TASK REQUIREMENTS: Restate the data below word for word, omitting pictures.

STORED DATA:
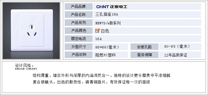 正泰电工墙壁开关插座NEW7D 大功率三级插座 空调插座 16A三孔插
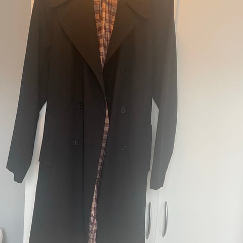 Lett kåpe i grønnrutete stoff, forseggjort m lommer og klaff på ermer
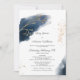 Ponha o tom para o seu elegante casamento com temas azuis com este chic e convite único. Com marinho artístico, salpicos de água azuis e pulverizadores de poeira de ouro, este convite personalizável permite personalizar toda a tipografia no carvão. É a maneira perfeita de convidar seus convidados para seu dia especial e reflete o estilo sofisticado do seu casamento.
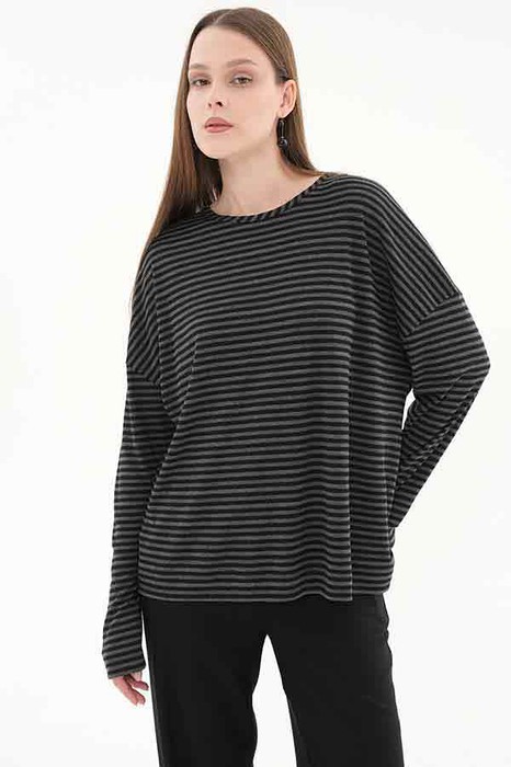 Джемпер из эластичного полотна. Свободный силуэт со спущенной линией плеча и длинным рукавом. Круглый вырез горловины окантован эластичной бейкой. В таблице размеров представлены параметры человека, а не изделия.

ANSWER TO THIS PROBLEM:
 正泰电工墙壁开关插座NEW7D 大功率三级插座 空调插座 16A三孔插
 Lett kåpe i grønnrutete stoff, forseggjort m lommer og klaff på ermer
 Ponha o tom para o seu elegante casamento com temas azuis com este chic e convite único. Com marinho artístico, salpicos de água azuis e pulverizadores de poeira de ouro, este convite personalizável permite personalizar toda a tipografia no carvão. É a maneira perfeita de convidar seus convidados para seu dia especial e reflete o estilo sofisticado do seu casamento.
 Джемпер из эластичного полотна. Свободный силуэт со спущенной линией плеча и длинным рукавом. Круглый вырез горловины окантован эластичной бейкой. В таблице размеров представлены параметры человека, а не изделия.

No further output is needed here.